Mark and Monique Beaubien, the owners and builders of the hotel, were French Indian traders. In 1826 they moved to Chicago on the advice of Mark's elder brother Jean, an established trader who lived next to Fort Dearborn. The Beaubiens settled in a small cabin on Wolf's Point and also traded with the Native Americans and other travelers to the growing settlement. They built a tavern on the east bank of the south branch of the Chicago River at the point where the north and south branches meet.

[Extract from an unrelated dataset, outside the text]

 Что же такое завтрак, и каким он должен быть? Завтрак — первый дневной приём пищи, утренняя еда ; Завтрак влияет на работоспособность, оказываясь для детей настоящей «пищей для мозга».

The tavern initially was named the Eagle Exchange Tavern. In 1831, they added a frame to the log structure to create Chicago's first hotel, the Sauganash Hotel. When completed, it was one of only two residential structures on the south side of the main branch of the Chicago River, the other being that of his brother, Col. Jean B. Beaubien. The settlement had only twelve houses at the time. The hostelry immediately became famous, and when reconstructed later became the city's largest and finest hotel. Immediately adjacent to the hotel's public bar was Chicago's first drug store.
The Greek Revival trim of the new hotel contrasted with the other eleven buildings of Chicago. The symmetry of its facade was typical to contemporary Greek Revival practiced on the East Coast. Juliette Kinzie, who came to Chicago from Connecticut in 1831, described it as "a pretentious white two-story building, with bright blue wood shutters, the admiration of all the little circle at Wolf Point". The hostelry's clientele transcended race, with natives and settlers enjoying each other's company.

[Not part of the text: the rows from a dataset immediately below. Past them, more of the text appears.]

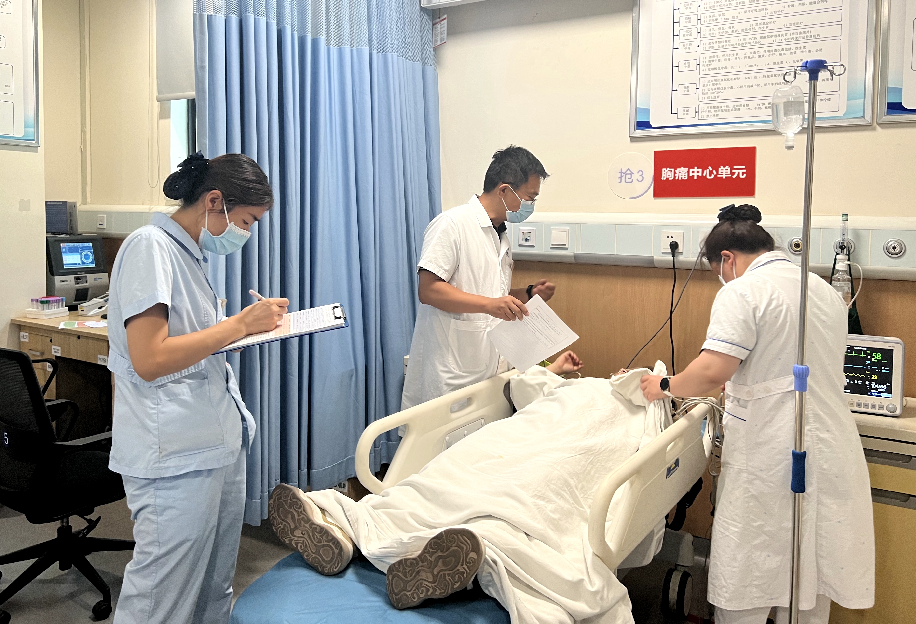 10:50分,“護(hù)士,門口有個(gè)人胸痛走不動(dòng)了......”急診科分診護(hù)士高朝麗見狀,立即輪椅將患者送入搶救室。急診科值班醫(yī)生陸正書詢問患者病史,護(hù)士李成先行床旁心電圖、抽血、查“心肌五項(xiàng)”、監(jiān)測生命體征。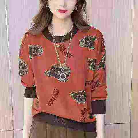 新款休闲百搭时尚,潮流宽松显瘦慵懒风圆领上衣服女外穿,整款,210件,L-3...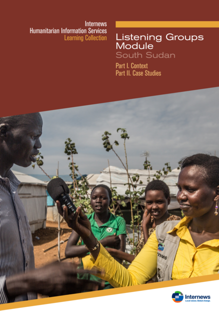 "The Listening Groups Module contains the collective knowledge of the Internews South Sudan team gained over three years’ experience managing more than 700 Listening Groups across the country [...] “Part I. Context” describes the information and media landscape in South Sudan, and the value of Listening Groups as a tool for communicating with communities, accountability, and adaptive programming. “Part II. Case Study” discusses the implementation of Listening Groups to gather feedback on HIS programs in Juba and Malakal, as well as the Listening Groups organized in Abyei to support Internews’ news and information project in the area. The case studies also cover challenges and lessons learned in order to offer recommendations for future Listening Group activities." (Page 3)

The flow of travelers and settlers intensified with the end of the Black Hawk War in 1832. In 1833 the hotel housed the election of the first town trustees of the newly formed Town of Chicago. Beaubien kept the hotel until 1834 and during his ownership he regularly entertained guests with his violin. On August 18, 1835, two years after the Potawatomi natives signed the treaty agreeing to be moved to a reservation beyond the Mississippi River in northwestern Missouri, they selected 800 braves to perform their last war dance parade on a path that passed in front of the hotel.

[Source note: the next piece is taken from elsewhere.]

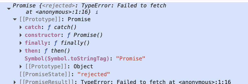Fetch 설명에서 콘솔에 Promise 객체를 살펴봤듯이 내장되어있는 메서드들이 있다.

In 1835, a Mr. Davis assumed control of the hotel, which subsequently had a series of proprietors. The building briefly served as Chicago's first theater, and hosted the first Chicago Theatre Company in November 1837 in an abandoned dining room. By 1839, it returned to service as a hotel, but was destroyed by fire in 1851, and subsequently torn down. The Wigwam was built in its place nine years later.

==Honoree==
Billy Caldwell "Sauganash", who served as a captain in the British Indian Department, was the honoree of the hotel. Born in 1782, Billy's father was Colonel Caldwell, an Irish officer in the British Army stationed at Niagara; his mother was a Mohawk, daughter of a chief named Rising Sun. He was brought to Detroit as a youth and raised by his father and step-mother. Caldwell was called naturally smart and by consequence of his education became fluent in French, English, and Mohawk. He later forgot Mohawk through disuse and it was replaced with Potawatomi. As a captain in the British Indian Department, Billy fought alongside Tecumseh until he died at the Battle of the Thames.

==Theater==
In 1834 (three years before Chicago was incorporated as a city), the hotel hosted the first professional public performance in Chicago for $.50 for adults and $.25 for children. The show promised a wide variety of talents including ventriloquism. In the following two years, several traveling showmen performed at the hotel. In 1837, the Chicago Theater, which was the first local theater company, set up shop in the hotel's abandoned dining room. Co-managers Harry Isherwood and Alexander McKinzie procured an amusement license for the company from the city council, and it began performing a different billed show every night starting in late October or early November for approximately six weeks. The plays included titles The Idiot Witness, The Stranger, and The Carpenter of Rouen. Production of The Stranger took place in the dining room of the hotel. Following a six-week engagement, the company went on tour until the following spring, when it returned to a different local venue.